Monday, June 21, 2021

Expensive things, road taxes

Cars are fun and we all wanted to get a driving licence and behind the wheel as young’uns. Vroom vroom. They are useful for getting about, racing, picking up girls, doing the shopping, racing, speeding and racing.

They cost a lot to buy (unless your parents shelled out) and they are expensive to maintain. Then comes the taxes on them. There’s the garage tax, the petrol tax, the road tax, the wretched ITV and its associate taxes, the motorway tolls, the insurance and the fines for parking in the wrong place or speeding at the wrong moment.

Then there are the fines for driving drunk, or with a phone somewhere near to your ear, or for sticking your elbow out of the window when a traffic cop is low on his monthly quota.

Now Brussels wants Spain, which has been getting rid of its toll roads, to start charging for all and any motorway usage by 2024: to help finance their upkeep, apparently. The argument is that, those who use them should pay for them.

Currently, the State receives, between car and petrol taxes, plus the IVA placed on them, 30,888 million euros a year. Plus the fines collected by the insufferable DGT – 374 million euros. Plus what the ayuntamientos get.

Another calculation gives the sum that is spent by the government on roads – building and maintenance – at a rather smaller 2,800 million euros.

Why, that’s not even 10%!

And now they want us to pay for the road-upkeep (the fifteen kilometres on the autovía between Los Gallardos and Venta del Pobre in Almería have been mangled and potholed now for several years, if anyone’s asking)!
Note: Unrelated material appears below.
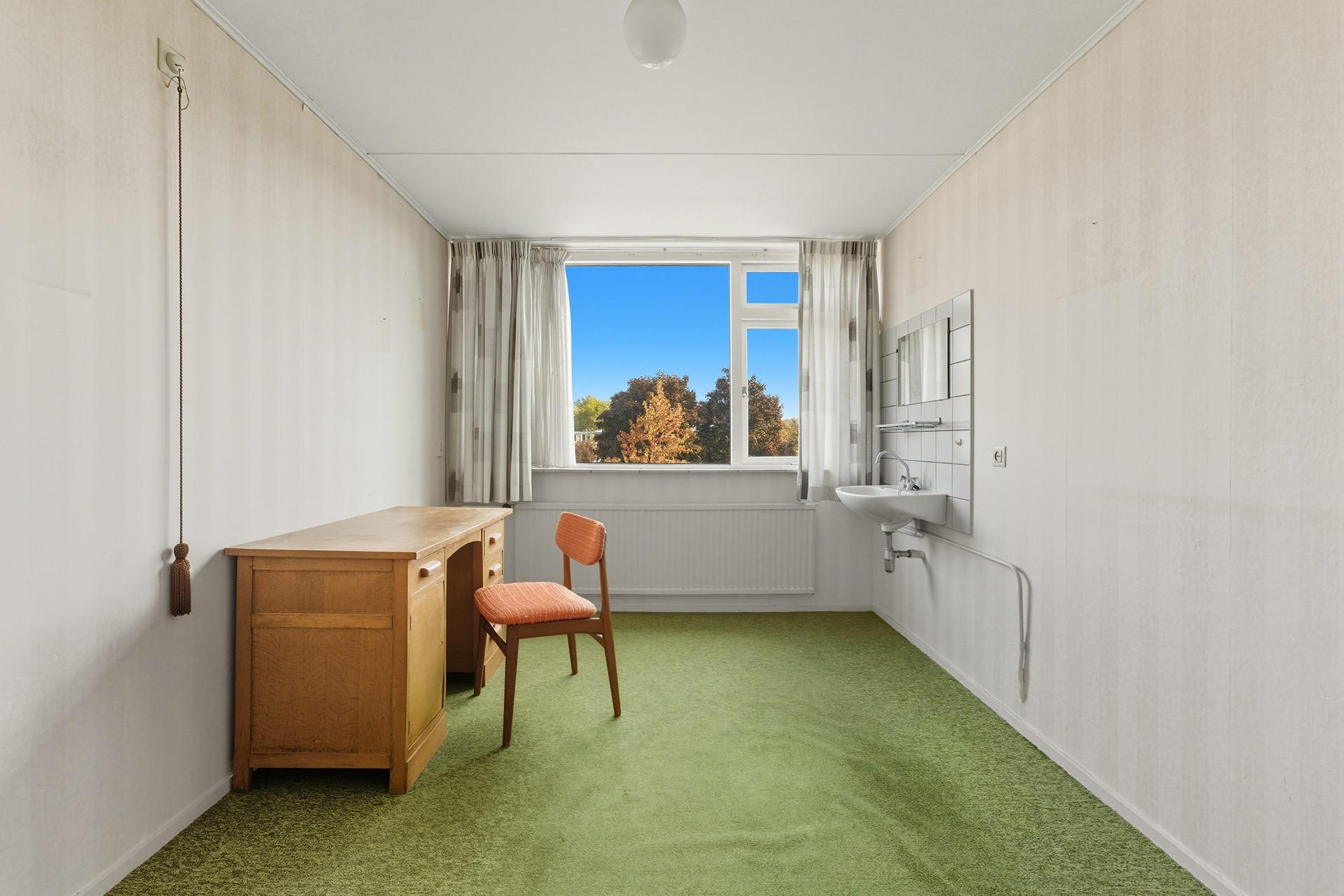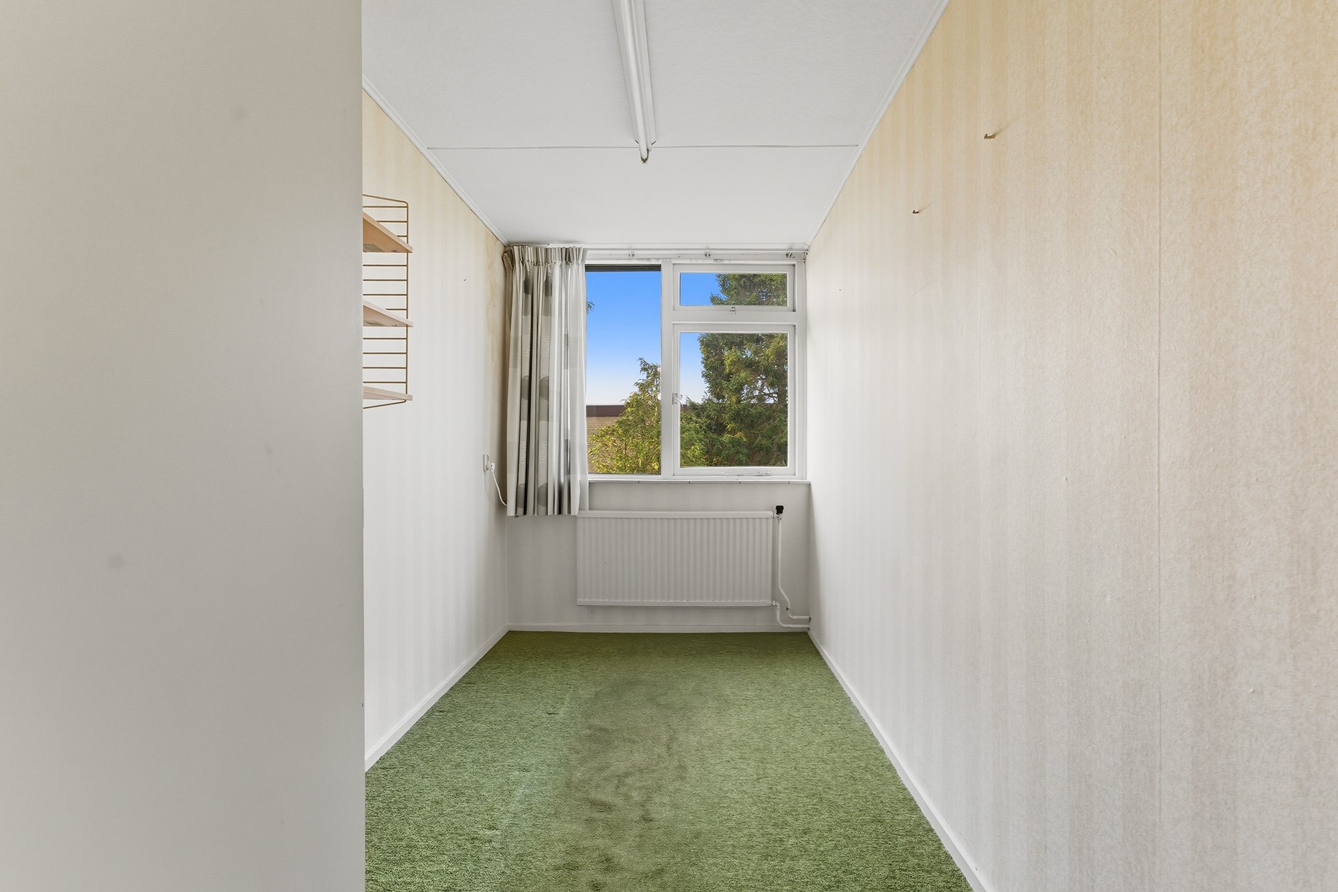 Slaapkamer 3: Deze ruime slaapkamer ligt aan de voorzijde van de woning en beschikt over een vaste kast en een eigen wastafel. Het is een grote, lichte kamer met volop mogelijkheden. Met een frisse verflaag, nieuwe vloer en een beetje styling kun je hier echt een fijne slaapkamer van maken.

Something called the Acex – the association of road operators – thinks that 5 cents per kilometre should do it.

Cars are fun, but they are expensive. It’s a great saving to live without one (and hitch a ride from the neighbour).

The long-term future for car-ownership is doubtful. Within a generation from now, they’ll all likely be public-owned (or more likely Amazon-owned) driverless cars which run on a credit-card. Luckily, for the dare-devils, there’ll still be those electric scooters (patinetes) available from the better shops, although now you will have to wear a crash-helmet while trundling along on one at a top-speed of 25kph.